An image-free reproduction of the data below is needed: print it exactly.
** Opening SOURCE MATERIAL block **
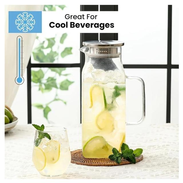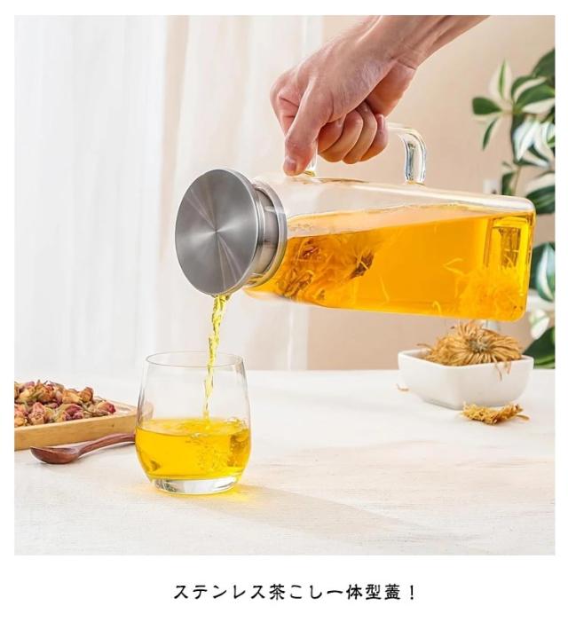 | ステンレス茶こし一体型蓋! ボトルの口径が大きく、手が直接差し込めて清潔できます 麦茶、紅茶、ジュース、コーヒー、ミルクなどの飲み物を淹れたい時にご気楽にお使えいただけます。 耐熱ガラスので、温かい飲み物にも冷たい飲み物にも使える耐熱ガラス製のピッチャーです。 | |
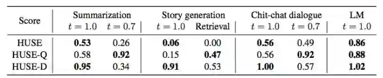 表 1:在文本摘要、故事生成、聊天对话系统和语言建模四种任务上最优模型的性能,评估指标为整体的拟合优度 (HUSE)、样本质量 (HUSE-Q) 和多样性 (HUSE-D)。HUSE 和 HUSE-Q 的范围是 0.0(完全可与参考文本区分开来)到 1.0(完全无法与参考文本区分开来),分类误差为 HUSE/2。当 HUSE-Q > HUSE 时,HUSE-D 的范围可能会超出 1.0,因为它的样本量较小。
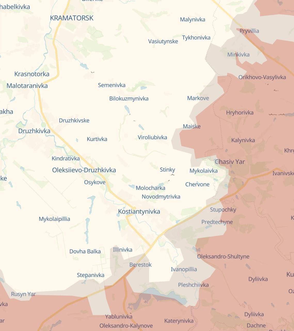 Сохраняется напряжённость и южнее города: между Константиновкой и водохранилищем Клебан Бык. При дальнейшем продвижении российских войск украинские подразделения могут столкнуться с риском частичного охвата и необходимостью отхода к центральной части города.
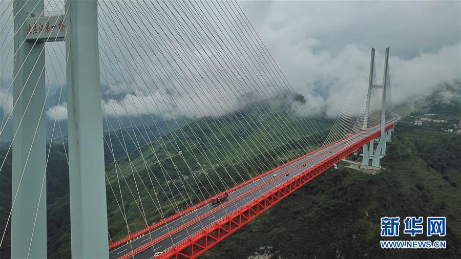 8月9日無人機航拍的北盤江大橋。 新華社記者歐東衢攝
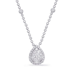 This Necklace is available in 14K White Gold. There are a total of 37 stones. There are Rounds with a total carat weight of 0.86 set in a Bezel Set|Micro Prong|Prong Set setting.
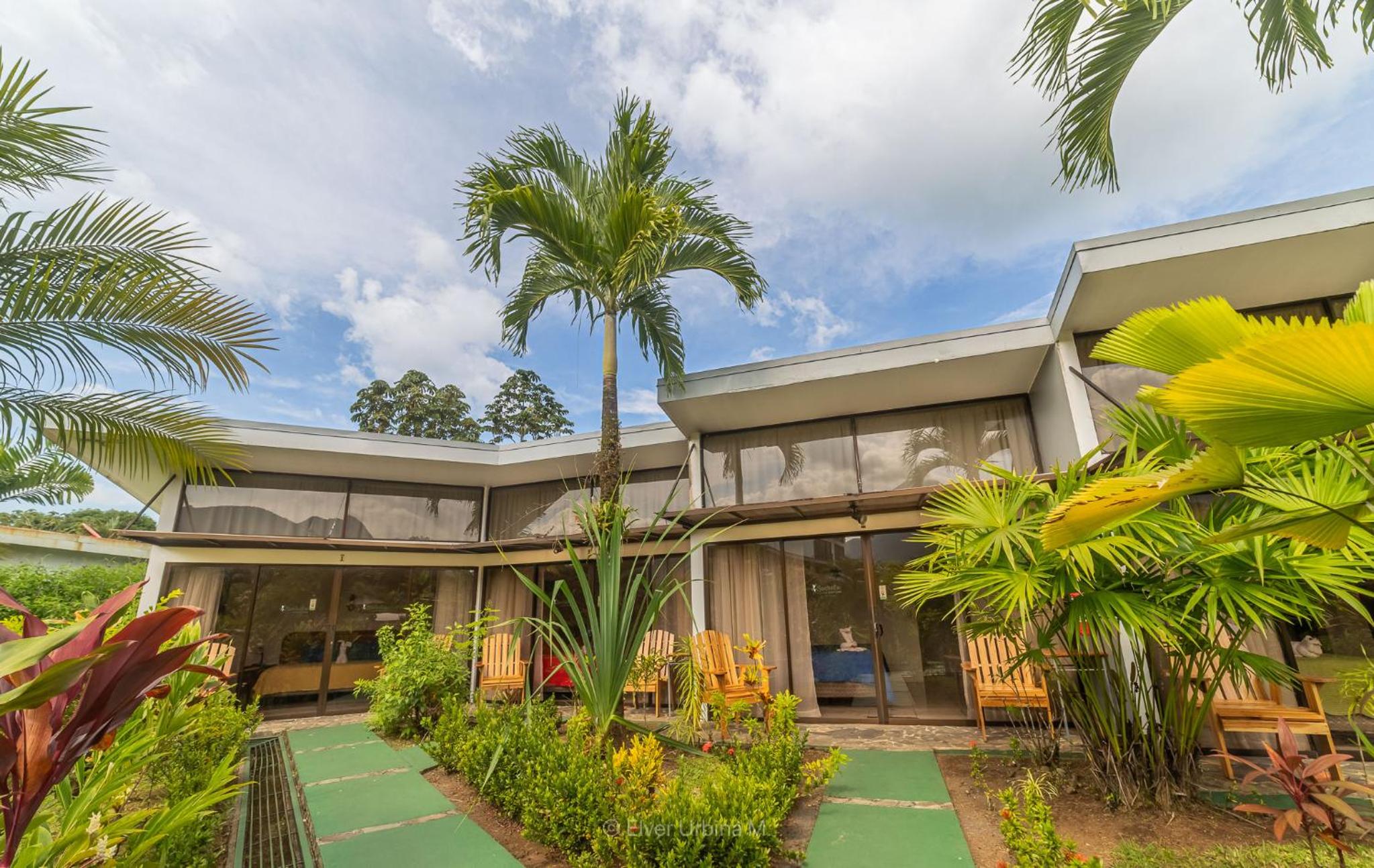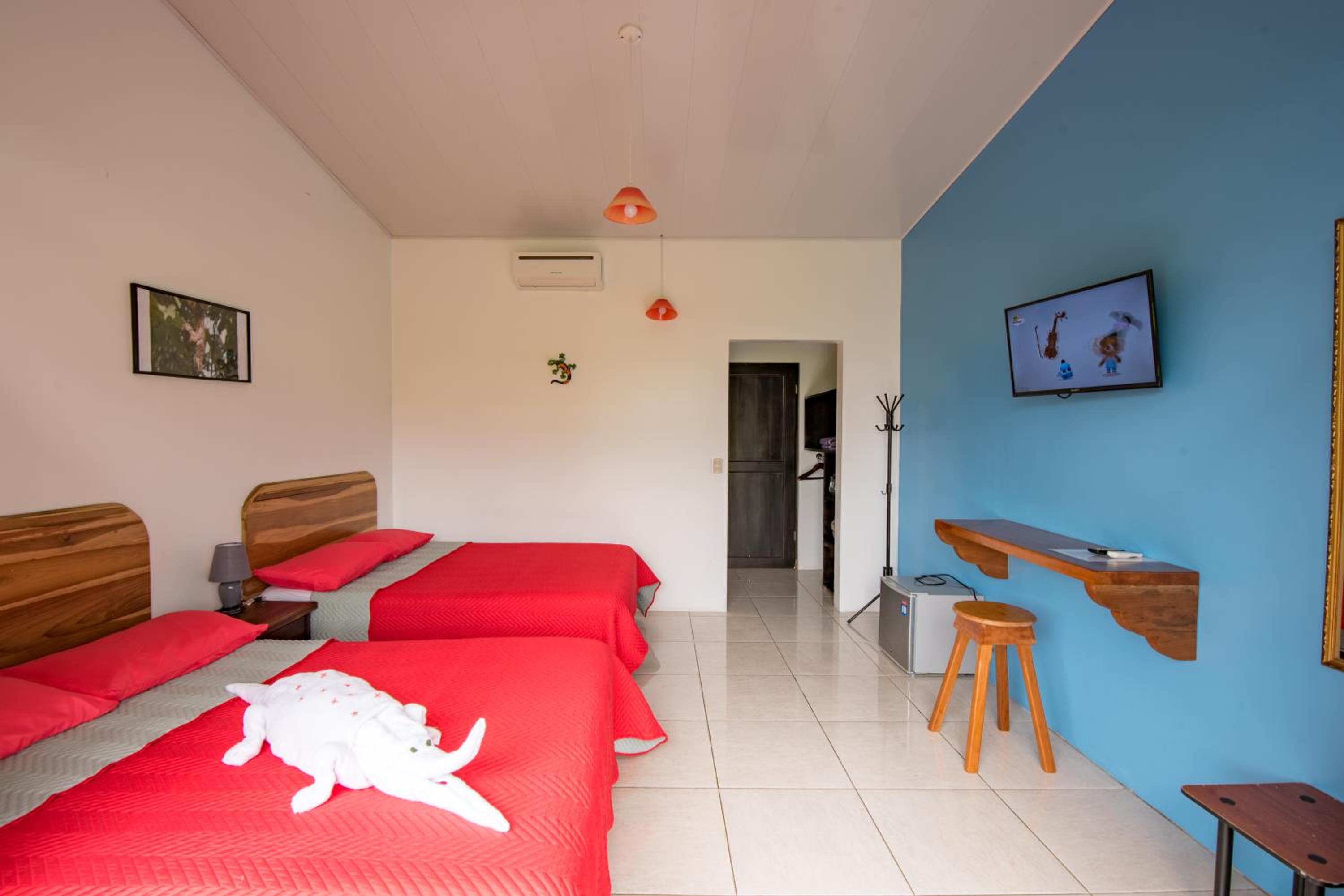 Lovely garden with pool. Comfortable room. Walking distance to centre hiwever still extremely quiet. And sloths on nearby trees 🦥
** Closing SOURCE MATERIAL block **
* RESULT OF THIS EXERCISE
 | ステンレス茶こし一体型蓋! ボトルの口径が大きく、手が直接差し込めて清潔できます 麦茶、紅茶、ジュース、コーヒー、ミルクなどの飲み物を淹れたい時にご気楽にお使えいただけます。 耐熱ガラスので、温かい飲み物にも冷たい飲み物にも使える耐熱ガラス製のピッチャーです。 | |
 表 1:在文本摘要、故事生成、聊天对话系统和语言建模四种任务上最优模型的性能,评估指标为整体的拟合优度 (HUSE)、样本质量 (HUSE-Q) 和多样性 (HUSE-D)。HUSE 和 HUSE-Q 的范围是 0.0(完全可与参考文本区分开来)到 1.0(完全无法与参考文本区分开来),分类误差为 HUSE/2。当 HUSE-Q > HUSE 时,HUSE-D 的范围可能会超出 1.0,因为它的样本量较小。
 Сохраняется напряжённость и южнее города: между Константиновкой и водохранилищем Клебан Бык. При дальнейшем продвижении российских войск украинские подразделения могут столкнуться с риском частичного охвата и необходимостью отхода к центральной части города.
 8月9日無人機航拍的北盤江大橋。 新華社記者歐東衢攝
 This Necklace is available in 14K White Gold. There are a total of 37 stones. There are Rounds with a total carat weight of 0.86 set in a Bezel Set|Micro Prong|Prong Set setting.
 Lovely garden with pool. Comfortable room. Walking distance to centre hiwever still extremely quiet. And sloths on nearby trees 🦥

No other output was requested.